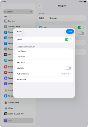Press Password and key in the password for your email account.
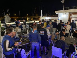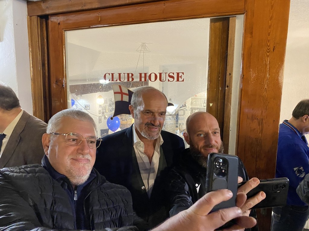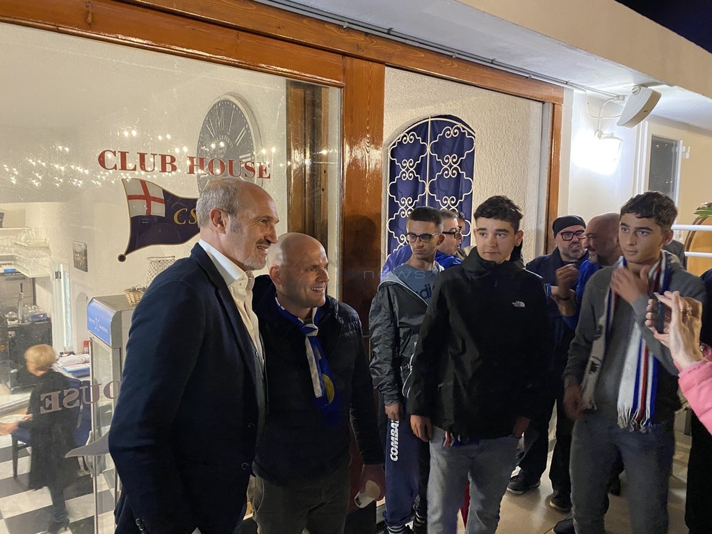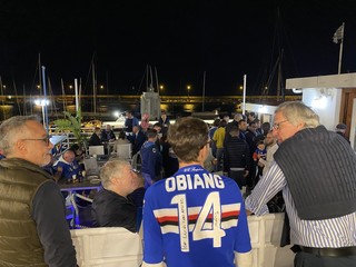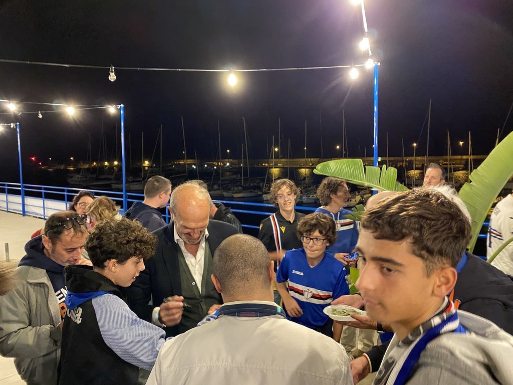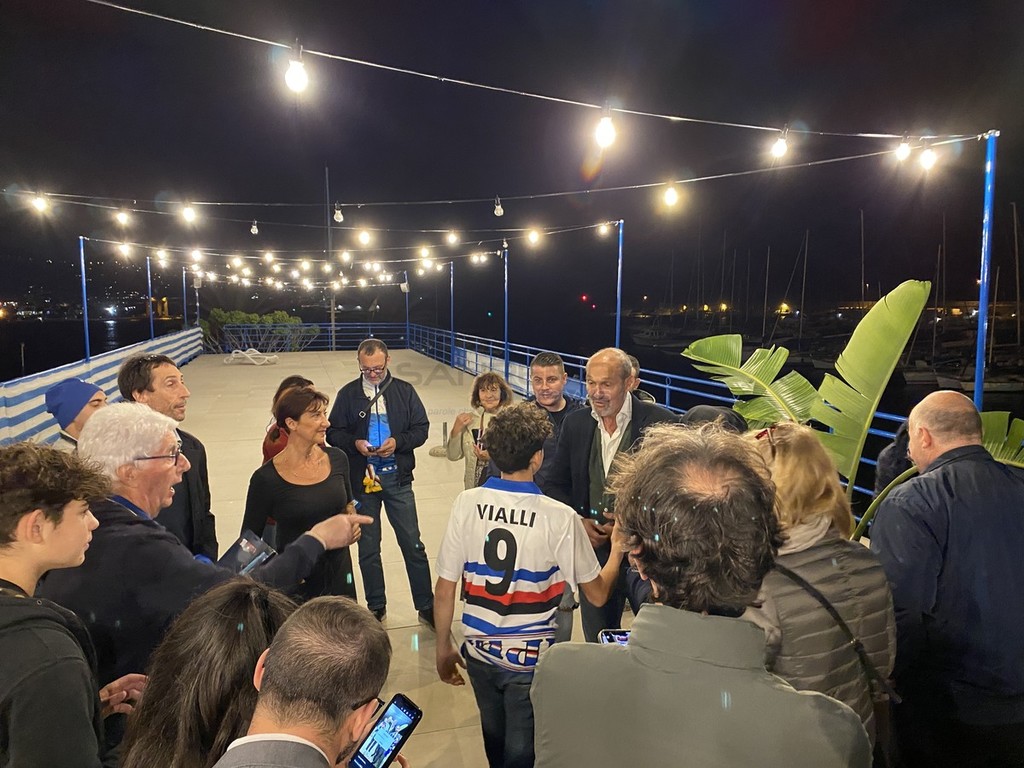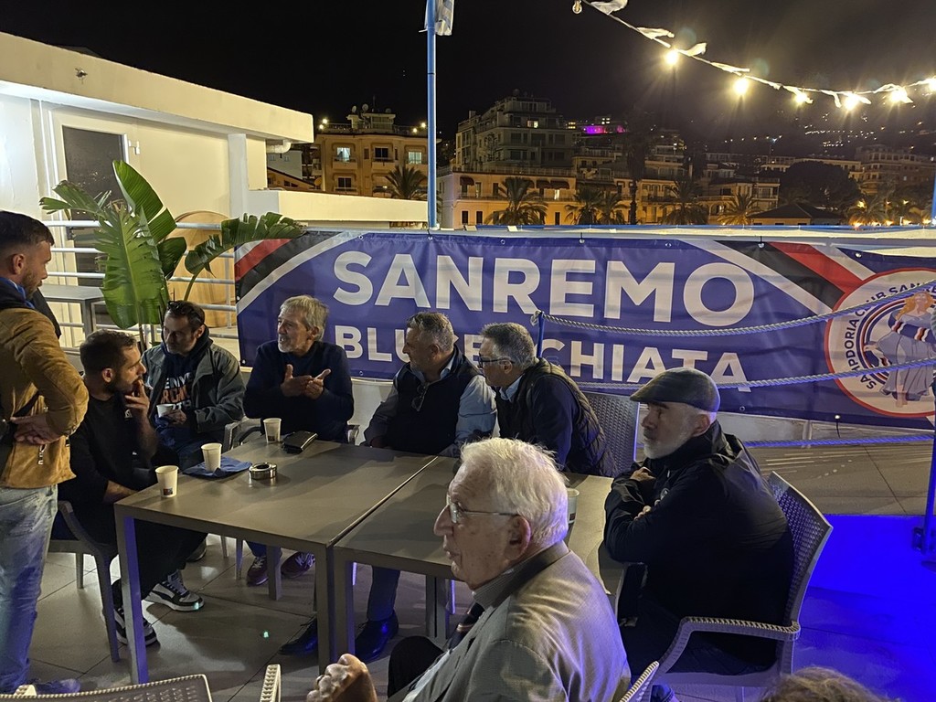 “Sampdoria, la pioggia non ci bagna quando giochi tu” recita uno dei cori più noti in gradinata Sud. E così è stato anche ieri sera alla Canottieri Sanremo dove in una piovosa serata di fine ottobre ha fatto il suo debutto ufficiale il Sampdoria Club ‘Sanremo Blucerchiata’. Un appuntamento storico impreziosito dalla presenza del presidente Marco Lanna che ha rappresentato la società alla prima uscita ufficiale del Club matuziano nato per iniziativa di Federico Crespi e di tanti appassionati della zona, oltre a Enrico Vella, ex calciatore della Sanremese e, non a caso, della Sampdoria.
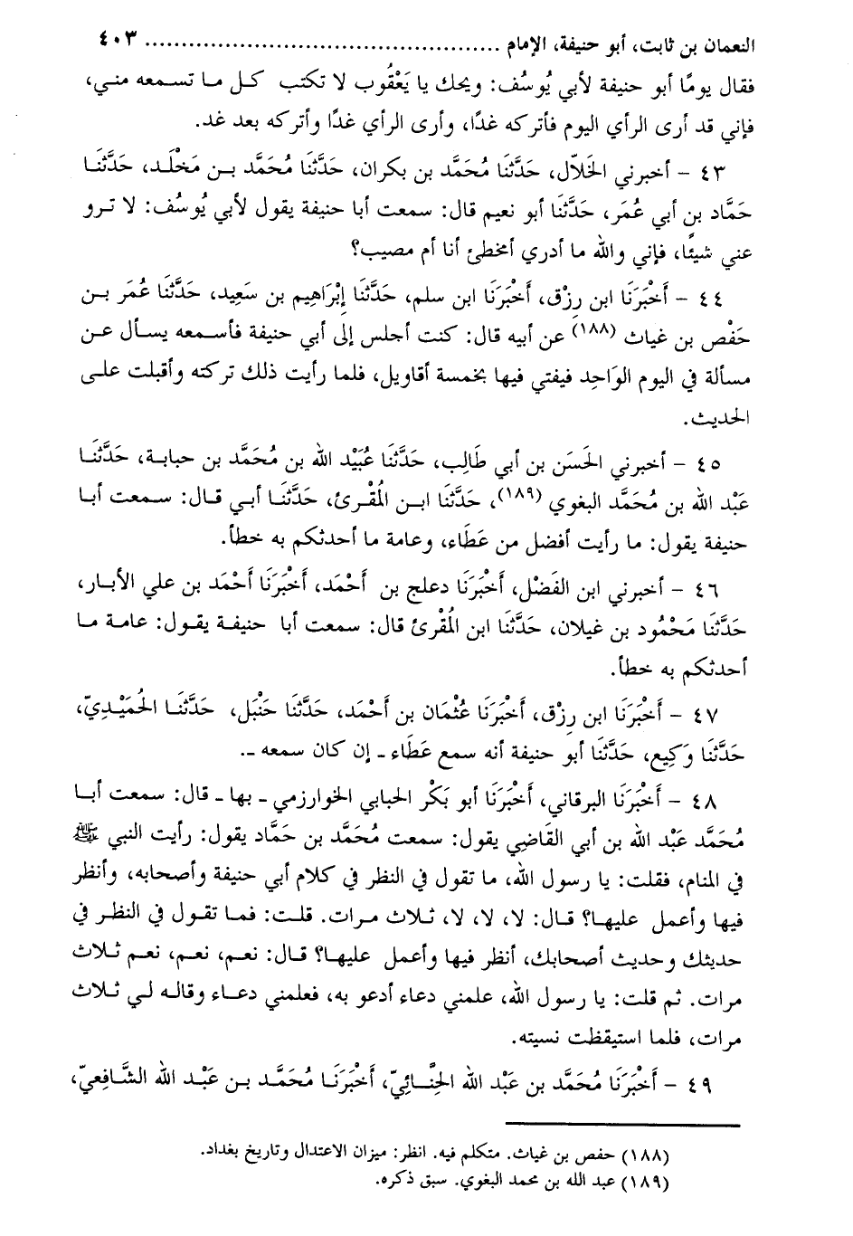 43- أخبرني الخلّال، حدّثنا محمّد بن بكران، حدّثنا محمّد بن مخلد، حدّثنا حمّاد بن أبي عمر، حَدَّثَنَا أَبُو نعيم قال: سمعت أبا حنيفة يقول لأبي يوسف: لا ترو عني شيئا، فإني والله ما أدري أمخطئ أنا أم مصيب؟

## Task instructions
Every line from the top of the material above through the line with "caso, della Sampdoria." should be duplicated exactly, please; leave out the pictures.

## Exercise result
Press Password and key in the password for your email account.
 “Sampdoria, la pioggia non ci bagna quando giochi tu” recita uno dei cori più noti in gradinata Sud. E così è stato anche ieri sera alla Canottieri Sanremo dove in una piovosa serata di fine ottobre ha fatto il suo debutto ufficiale il Sampdoria Club ‘Sanremo Blucerchiata’. Un appuntamento storico impreziosito dalla presenza del presidente Marco Lanna che ha rappresentato la società alla prima uscita ufficiale del Club matuziano nato per iniziativa di Federico Crespi e di tanti appassionati della zona, oltre a Enrico Vella, ex calciatore della Sanremese e, non a caso, della Sampdoria.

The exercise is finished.